Organisations have always had this concern about outsourcing, yet many of the services that EY Absolute delivers have traditionally been outsourced. We are also seeing an upward trend in the outsourcing of higher-value processes – such as management accounting, planning, forecasting and budgeting – where control and visibility are, of course, critical. But both the technology underpinning EY Absolute and the way we structure our team and deliver our services helps to address these concerns. Our cloud-based systems enable us to collaborate with clients, giving them real-time access to their data and a complete view of what we’re doing for them.

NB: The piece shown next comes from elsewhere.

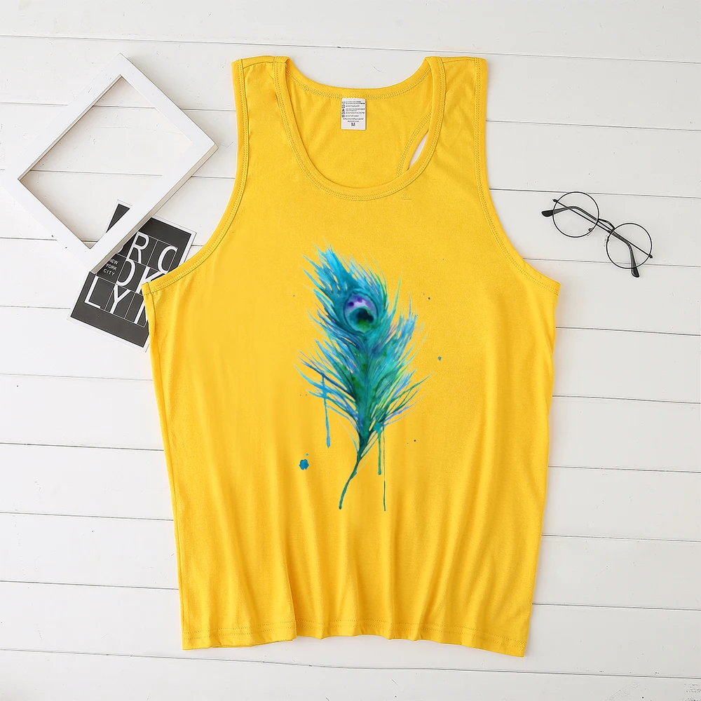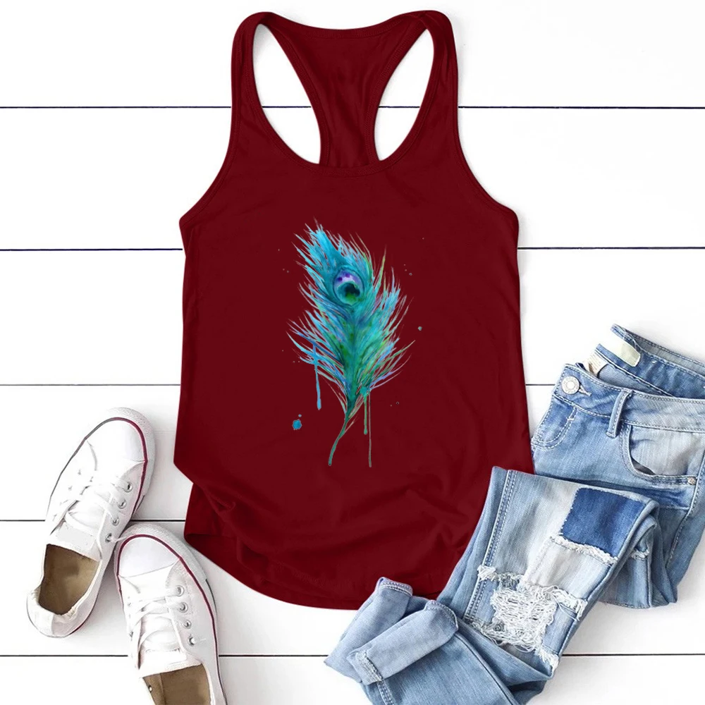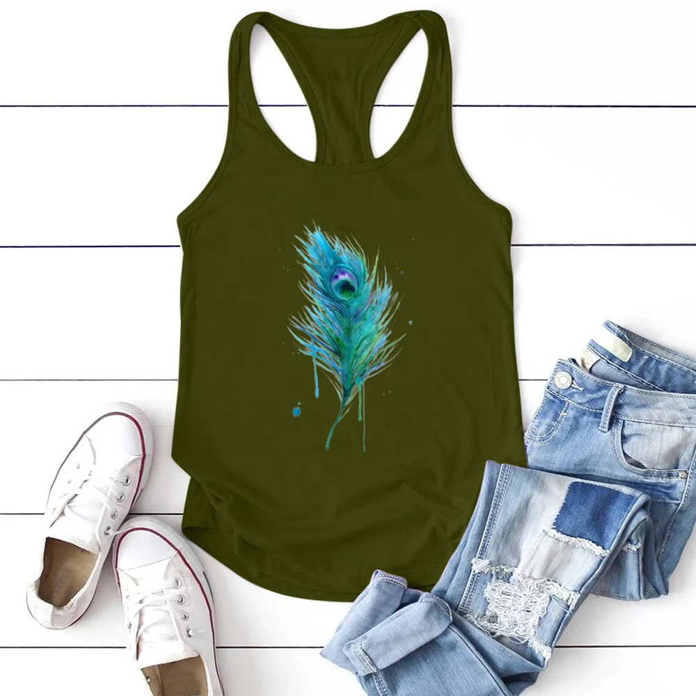 Женская Винтажная Майка с принтом в виде зеленых перьев, свободная майка без рукавов, одежда для женщин, Повседневная футболка, лето размера плюс

But it’s the human element that really helps to overcome their worries: EY Absolute provides each client with a relationship manager who understands its business, along with a dedicated finance team that’s effectively an extension of its own finance function. Although we do harness the power of technology to deliver our services, the value is derived from the people behind it, who are on hand to be the client’s trusted business advisers.

What do you think the finance function of the future will look like?

As we discussed at the roundtable, it’s clear that technology and, more broadly, digital disruption are likely to have a significant impact. Digital disruption is both an opportunity and a challenge for business leaders when it comes to their finance functions. But, while the role of automation and technology will keep growing, people with the right skills will continue to be crucial. Finance professionals who can lead innovation and drive value from new systems will become increasingly important. But, in my view, leading finance functions of the future will be those that strike the right balance between technology and people and between build or buy. Getting the balance right will enable finance to focus on higher-value tasks, partnering with the business to generate strategic insights and, ultimately, drive growth.

Julie Hadfield, partner at EYJulie Hadfield is a partner at EY and leads EY Absolute in the UK.

Having worked at Deloitte and Credit Suisse, Hadfield joined EY in 2004. She has more than 18 years’ experience of delivering UK and international corporate tax and accounting advice to clients ranging from start-ups to large listed corporations.

A chartered accountant and a chartered tax adviser, she specialises in designing and delivering tailored accounting, tax compliance and reporting solutions.

A mother of three, Hadfield is also a keen advocate of equal opportunities and flexible working practices.